The idea of a 'parallel' games was the inspiration of Dr Ludwig Guttmann, a neurosurgeon who came to the UK shortly before the outbreak of World War II, having been stripped of his ability to practice medicine in Germany by the Nazi government in 1938.
Stoke Mandeville games in 1953.
"He came to this country as a German-Jewish refugee, arriving here in 1939 with his young family, and he was invited by the government to set up the spinal unit, in preparation for the D-Day landings," says Vicky Hope-Walker, CEO of the National Paralympic Heritage Trust.
It was the world's first specialist center for people with spinal cord injuries. Guttmann revolutionized treatments, including turning patients in bed to prevent bed sores and inventing new types of catheters to stop urinary tract infections.
"Up until that point people who broke their back would really live somewhere between six weeks and two years," says Hope-Clark. "So it was completely transformative - prior to him people were really left to die."
Inspired by observing the positive impact his patients had after playing a game similar to polo, he created a competition for the hospital to run alongside the Olympic games. The first games featured 16 wheelchair athletes, 14 men and two women, coinciding with the opening of the London Olympics in 1948.
Dr Ludwig Guttmann in 1961.
Martin McElhatton OBE is the Chief Execuitve of WheelPower, a Stoke Mandeville-based charity which has for over 75 years supported athletes with physical impairments to participate in sport. McElhatton himself represented Great Britain on the 1984 Paraylmpic basketball team.

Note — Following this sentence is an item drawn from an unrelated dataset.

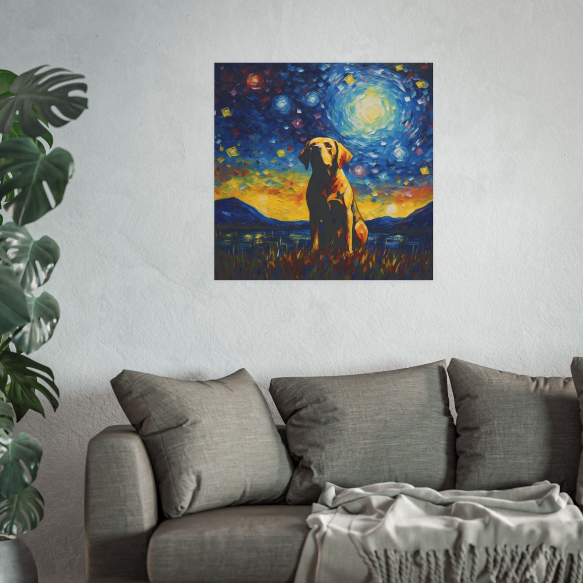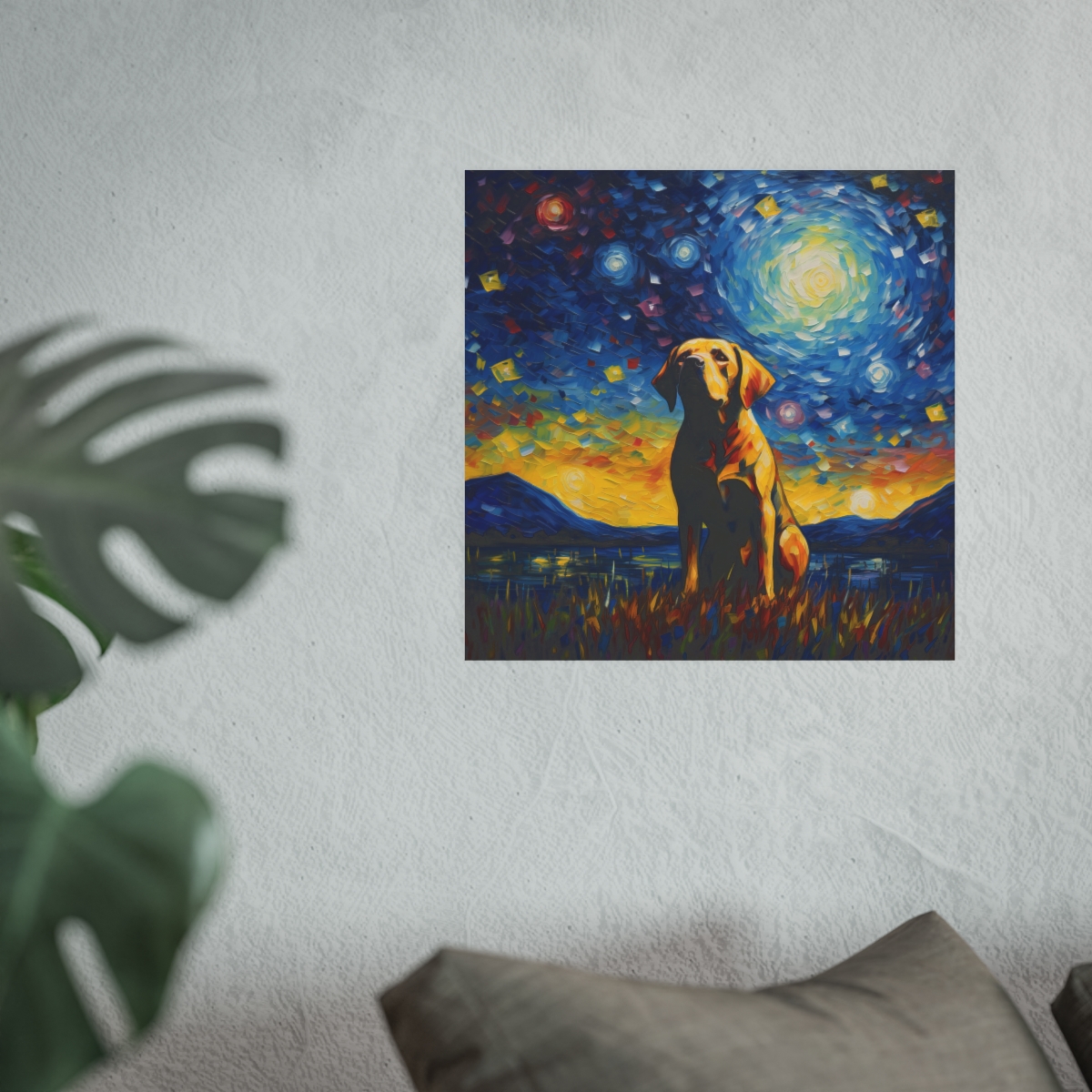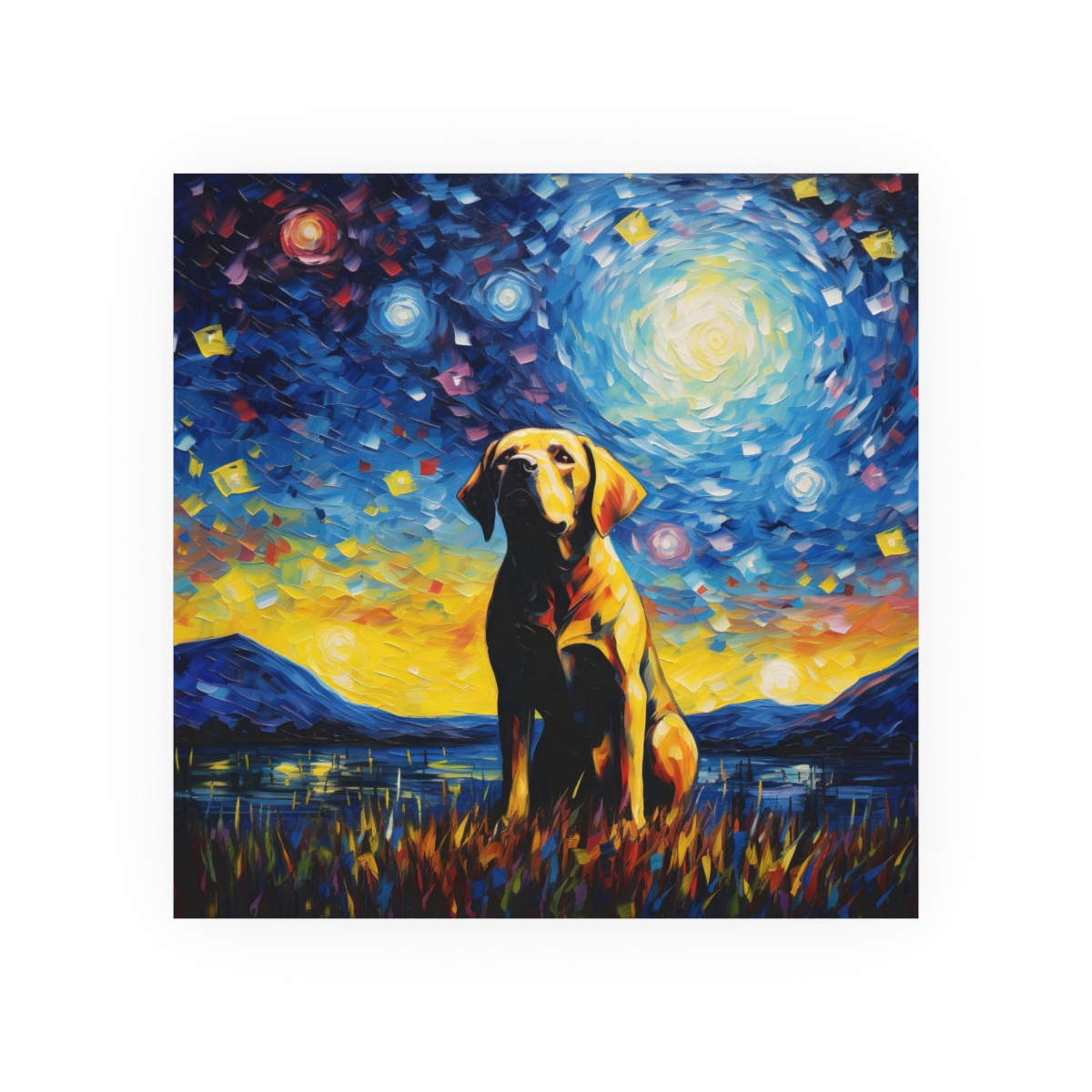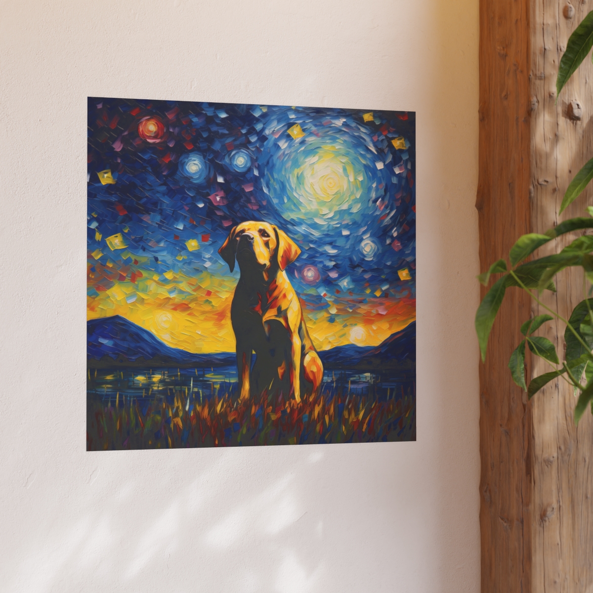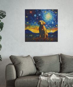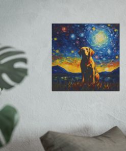 Introducing our mesmerizing tribute to Vincent van Gogh’s Starry Night featuring the noble cat– a harmonious fusion of iconic artistry and imaginative allure. This enchanting piece showcases a charming Yellow Lab bathed in the swirling blues and yellows reminiscent of Van Gogh’s masterpiece. With detailed brushwork and a dreamy ambiance, this print transforms any room into an artistic haven. Printed on luxurious fine art paper, it offers a refined touch that is bound to enchant and awe visitors and art enthusiasts alike.
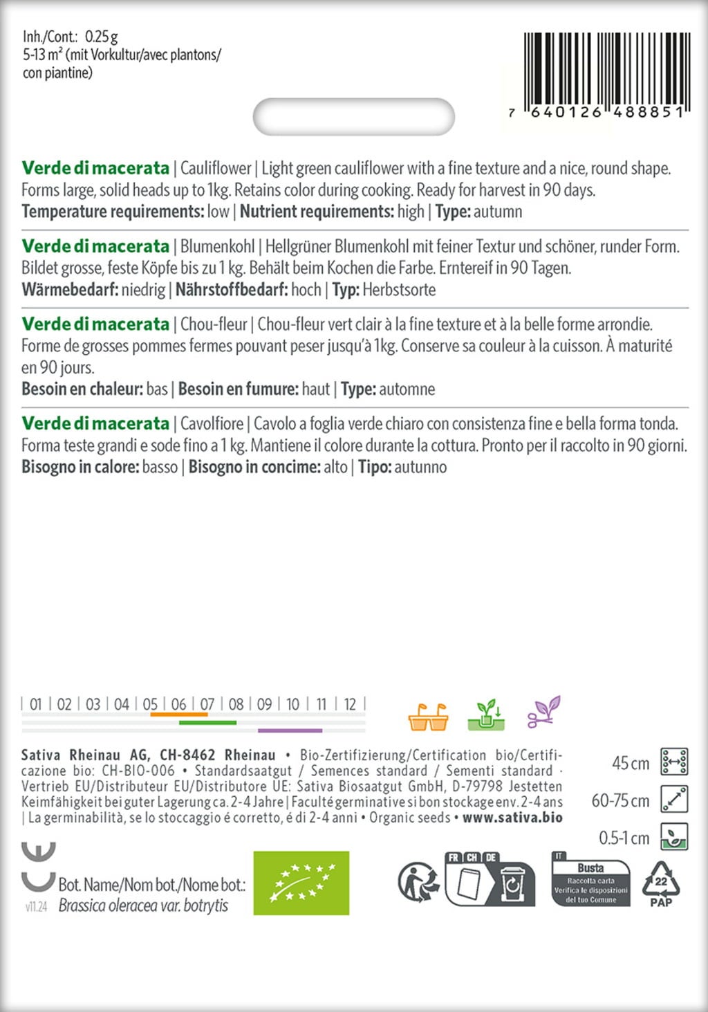 Der hellgrüne Blumenkohl Verde di Macerata überzeugt mit seiner feinen Textur und einer schön runden, kompakten Form. Er bildet grosse, feste Köpfe bis zu 1 kg und behält auch beim Kochen seine attraktive Farbe. Nach rund 90 Tagen ist er erntereif und stammt aus sorgfältiger Erhaltungszüchtung von Sativa in Rheinau.

"Guttman's vision was to host the games in the same place in the same year when the Olympics were held," says McElhatton. "It grew and grew, and in 1952 some Dutch veterans came across and started the first International Stoke Mandeville games," he says.
"And then by the ninth Stoke Mandeville games it ended up being in Rome, where they had the first use of the word paralympic."
The games were still often referred to as the International Stoke Mandeville Games up until 1984, when they returned to the village after funding issues meant they couldn't be held in America alongside that year's LA Olympics.
Prince Charles at Stoke Mandeville Paralympics in 1984.
"It made a big impact, local people volunteered their gardens and their homes to host the competitors and the opening ceremony was in fact opened by Prince Charles," says Simon Stiel, one of the volunteers at the National Paralymic Heritage Trust's museum.
The museum attracts visitors from all over the world to learn more about Dr Guttmann's story and the history of the games.
"I think it is a pilgrimage for many many people, not just those who knew him, but those who were involved in the movement, we get people from all over the world visiting us to soak up what happened," says Hope-Clark.